If the full GPU path is not available for a given quantization or platform state, ZINC falls back to a CPU path:
- copy router logits back to host
- run CPU
topKSoftmax - dispatch experts serially
- accumulate with scalar weights
That fallback exists for correctness and portability, but it is not the path you want to live on for throughput.
7. Run the shared expert when the model has one
This part is easy to skip conceptually and very expensive to skip in practice.
For models with shared-expert tensors, ZINC runs the shared expert alongside the routed experts on every token:
ffn_gate_shexp.weightandffn_up_shexp.weight- SwiGLU or GEGLU
ffn_down_shexp.weight- optional gating through
ffn_gate_inp_shexp.weight
If a shared gate exists and the GPU path is present, ZINC uses sigmoid_scale_acc so the accumulation stays on-device. If the gate exists but the GPU helper is unavailable, it reads back the scalar, computes the sigmoid on CPU, and falls back to a scalar accumulate. If no shared gate exists at all, the shared expert is added with weight 1.0.
This is not decorative extra math. Qwen3.5-quality output depends on it. Earlier in the project, leaving the shared expert out produced a model that looked superficially alive while still being mathematically wrong.
8. Finish with architecture-specific cleanup
After routed experts and shared expert work are combined:
- Gemma can apply
post_ffw_norm.weightto the MoE output - the final FFN result is added back into the residual stream
- decode continues to the next layer
At that point the MoE layer has collapsed back into the same interface as any other layer output: one hidden-state vector, ready for the next block.
Why this implementation matters for MoE inference
MoE models are supposed to trade dense compute for sparse compute. If the runtime turns that trade into CPU round-trips, tiny dispatches, or repeated buffer synchronization, the advantage erodes fast.

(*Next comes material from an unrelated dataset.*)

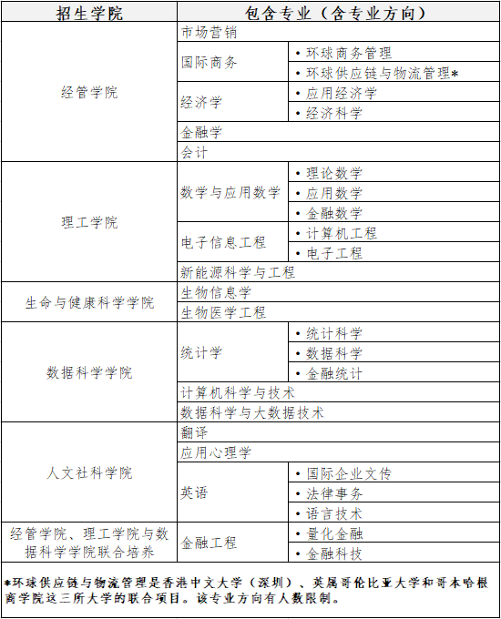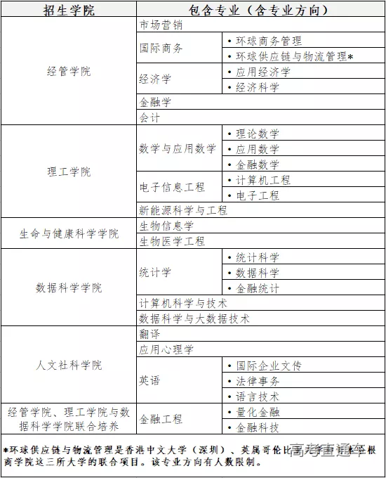 经教育部批准,香港中文大学(深圳)2020年各学院设立的本科专业包括:

That is the engineering reason the ZINC MoE path is built around:
- on-device router projection
- fused GPU top-k routing
- batched expert dispatch
- GPU weighted accumulation
- explicit shared-expert support
The alternative is easy to describe and hard to scale:
- run router projection
- copy logits back
- choose experts on CPU
- dispatch experts one by one
- accumulate with repeated barriers
That works. It is also how an MoE engine quietly becomes a latency engine instead.
This is especially relevant if you are comparing MoE inference stacks across projects. llama.cpp, vLLM, TensorRT-LLM, and other runtimes all make different tradeoffs around batching, hardware assumptions, and fallback behavior. ZINC’s version is deliberately optimized for local Vulkan and Metal inference on the hardware people actually own, especially AMD RDNA4 and Apple Silicon, not for a CUDA-only datacenter story.
FAQ
Are MoE models always faster than dense models?

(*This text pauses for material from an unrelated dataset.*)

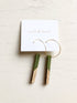 Gold fill hoops with wood and resin detail. Natural feel and midcentury modern reminiscent. Earrings measure approximately 3” in length.
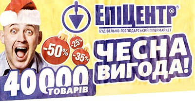 Компанія «Епіцентр К» вітає вас з Новим роком та Різдвом Христовим і напередодні свят хоче подарувати Вам можливість скористатися чесною вигодою, заощадити і придбати необхідні товари за унікально низькою ціною.

No. MoE models reduce the amount of FFN work each token performs, but they add routing, expert selection, expert fan-out, and weighted accumulation. If the runtime is sloppy, those new costs can eat the gain.
What does top-k routing mean in an MoE model?

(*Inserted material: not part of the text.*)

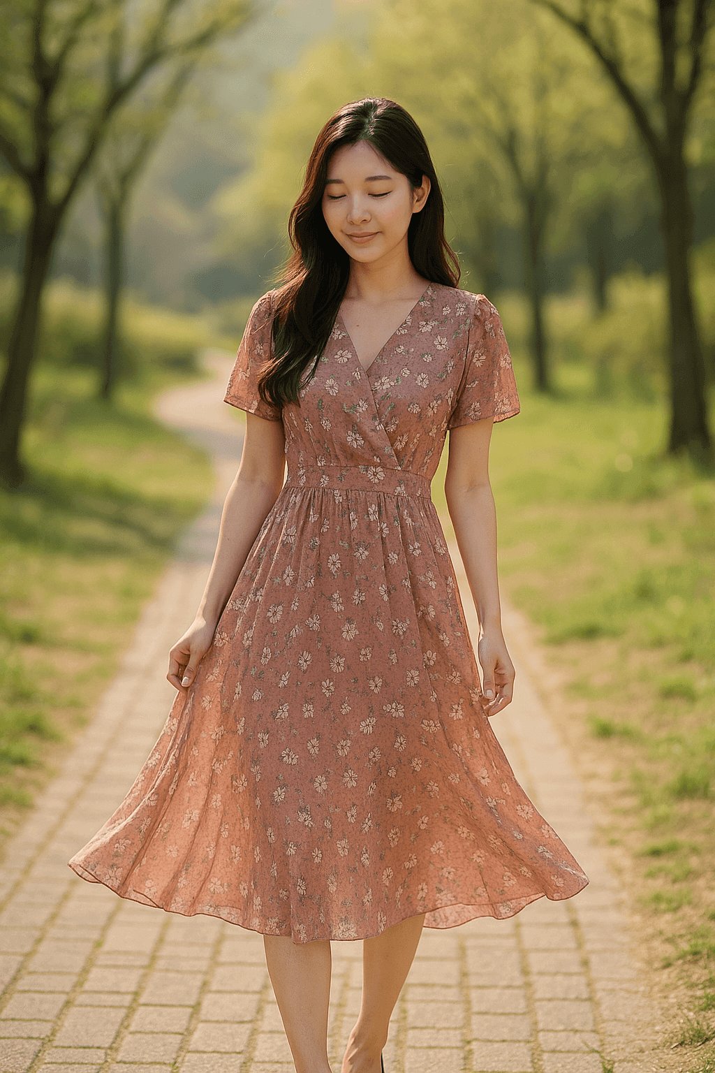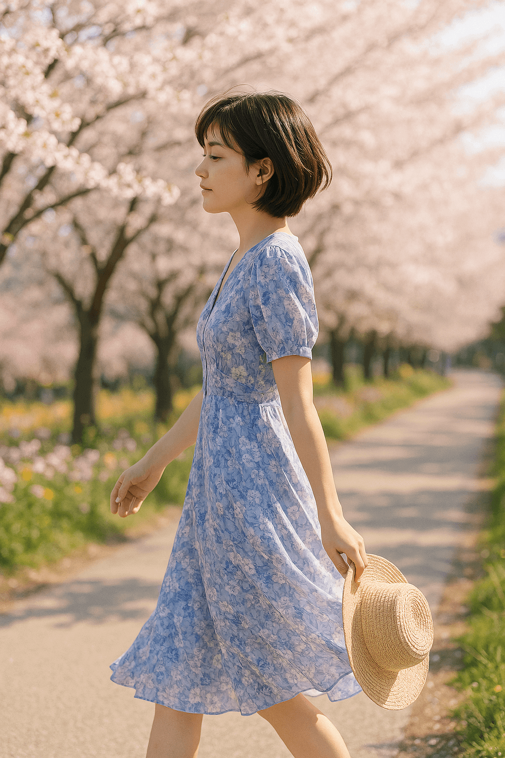 예쁜 봄 원피스를 입었다면 사진도 놓치면 안 되죠. 벚꽃 아래에서는 강한 햇빛보다 은은한 그늘에서 찍는 게 훨씬 분위기 있어요. 앉아서 치맛자락을 펼쳐서 찍거나, 뒤돌아서 바람에 흩날리는 머리카락을 담으면 인생샷 가능! 액세서리는 미니백 하나나 진주 귀걸이 정도로 포인트를 주고, 메이크업은 코랄 톤으로 가볍게~

It means the router scores every expert, keeps only the k highest-scoring experts for the current token, renormalizes those weights, and ignores the rest for that token.
Why does the shared expert matter?
Because some MoE models do not send tokens only through routed experts. They also send every token through a shared expert path. If you omit that path, the model can still emit text while being systematically wrong.
Are all MoE models implemented the same way in ZINC?
No. ZINC has a generic transformer-MoE path, a hybrid Qwen3.5 path, and a Gemma MoE path. The routing idea is shared, but the surrounding layer structure, activations, norms, and scheduling differ.
If you want to run one of the managed MoE models yourself, the fastest path is still the same: start from the ZINC docs, pull a managed model, and then inspect the architecture in the spec page. The interesting part of MoE is not that the model has experts. The interesting part is how much real inference engineering is required to make those experts behave like one coherent layer.